Directions: After your students read the article “The case of the Arctic’s missing ice,” have them answer the questions below. Questions are organized by story section with summary questions at the end.
1. What was unusual about the Bering Sea in the winter of 2017–2018? Why are scientists concerned?
Sea ice never appeared in the Bering Sea, and a large mass of cold, salty water that’s associated with the ice never formed near the seafloor. This development concerns scientists because sea ice is important to the Arctic ecosystem. Its absence could disrupt every part of the Arctic food web.
2. Describe the typical pattern of winter sea ice formation in the Bering Sea. What factors contributed to a different scenario in the winter of 2017–2018?
Most years, ice forms in the Bering Sea or migrates south from the Chukchi Sea through the Bering Strait. In the winter of 2017–2018, strong winds from the south not only kept the sea ice in the Chukchi Sea but also brought warmer waters into the sea, limiting sea ice formation. Higher-than-normal air temperatures in the Chukchi meant less ice was available to drift through the Bering Strait. Both of these factors contributed to record-low winter sea ice cover in the Bering Sea.
3. What does Peggy, or mooring M2, do? What unexpected data did Peggy collect in the summer of 2018?
Peggy, or mooring M2, tracks the temperature, salinity and other properties of water at one spot in the southern Bering Sea. In the summer of 2018, Peggy detected that the temperatures near the seafloor never dropped below zero.
4. According to the graph titled “Deep warming” on Page 23 of the article, how did Peggy’s data from the summer of 2018 compare with previous years? Based on the caption and the text of the “Open waters” section, what explains the summer 2018 data?

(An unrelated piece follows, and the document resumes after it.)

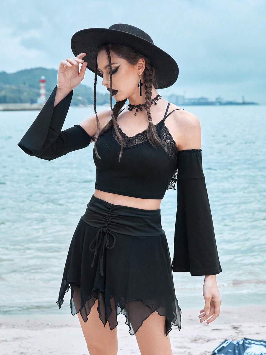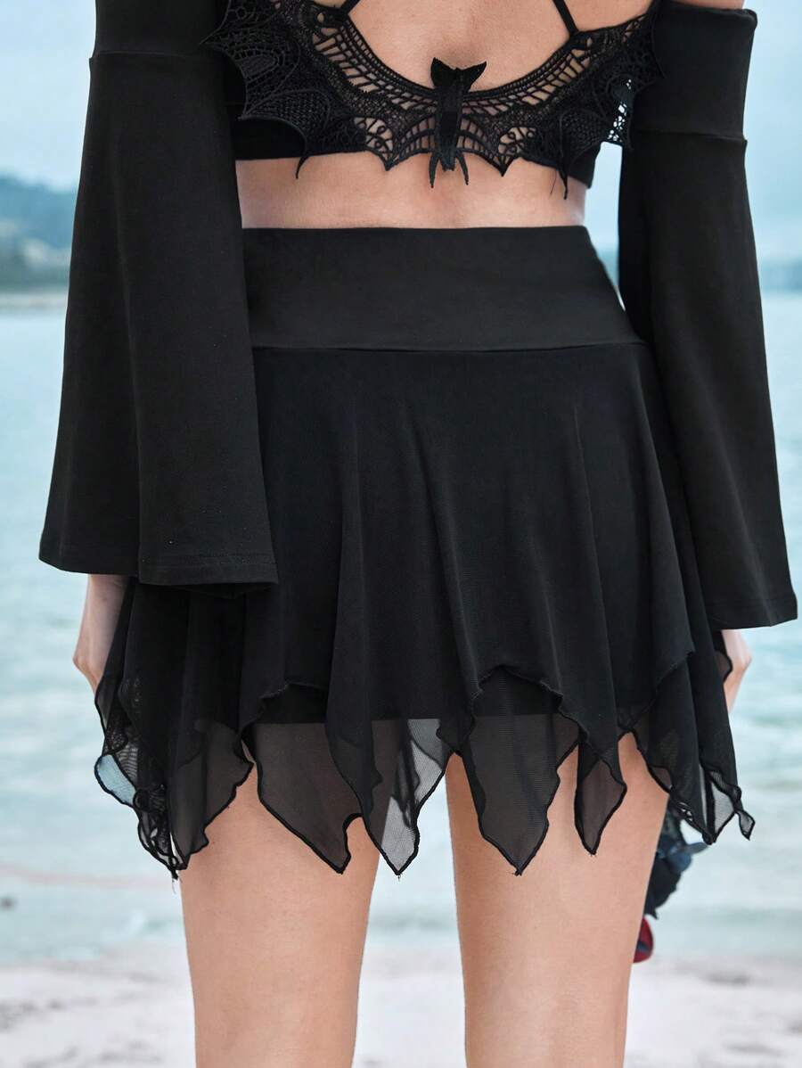 Goth Rock mit Schnürung vorne, Zipfelsaum,
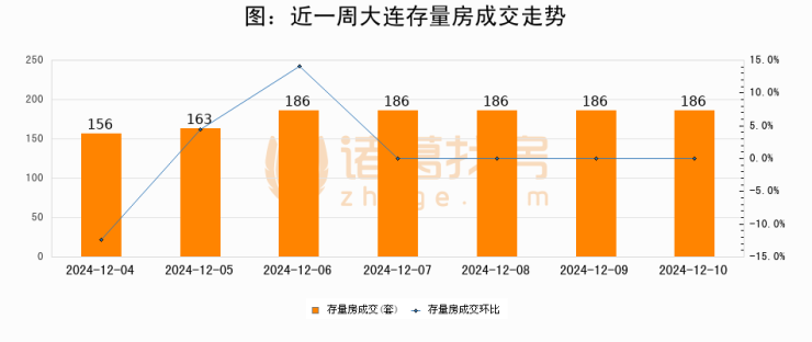 从存量房来看,2024年12月10日大连存量房单日成交186套,比昨日持平。。从近一周存量房成交来看,大连存量房日均成交套数为178套,12月10日单日成交186套,高于近一周平均水平4.5%。

Though there is yearly variation, water temperatures near the seafloor typically average below zero degrees Celsius in the summer. But in 2018, the average temperature was much higher — about 1.5 degrees Celsius. The data suggest that no cold pool formed in 2018. Cold pools are by-products of sea ice formation, so the fact that the Bering Sea didn’t “freeze up” in the winter of 2017–2018 is likely responsible for the cold pool’s absence.
Arctic in transition
5. What effects has sustained warming already had on the Arctic ecosystem? Be sure to frame your answer in terms of a “cascade of changes,” the terminology used in the opening of the article.
Warming has triggered changes in the lower levels of the Arctic food web, which has impacted species higher up in the web. Bivalves — which are food for walruses, seals and a kind of sea duck called a spectacled eider — have moved north. Less nutritious marine worms have taken the bivalves place to the detriment of other species. Populations of small copepods have increased while larger copepods, which juvenile fish depend on to survive the winters, have declined. Changes at the lower level of the food web have affected the distribution and types of fish populations, which in turn impacts seabirds. The summer of 2018 was the third year in a row with a massive seabird die-off.
The heat is on
6. What factors affect the timing, location and size of phytoplankton blooms in the Arctic? Provide an example from the article.
Sea ice and sunlight both play a major role in where and when phytoplankton bloom. Other factors such as nutrient availability and water temperatures can affect the size of blooms. In 2018, more light penetrating early in the year meant more phytoplankton blooms, and the blooms came earlier in the northern waters.
7. Phytoplankton make up the base of the Arctic food web and animals depend on the food, but sometimes the blooms are problematic. Why?
Blooms can turn toxic, akin to the deadly red tides that have blossomed along Florida’s coast. Toxic blooms can kill wildlife and make people ill.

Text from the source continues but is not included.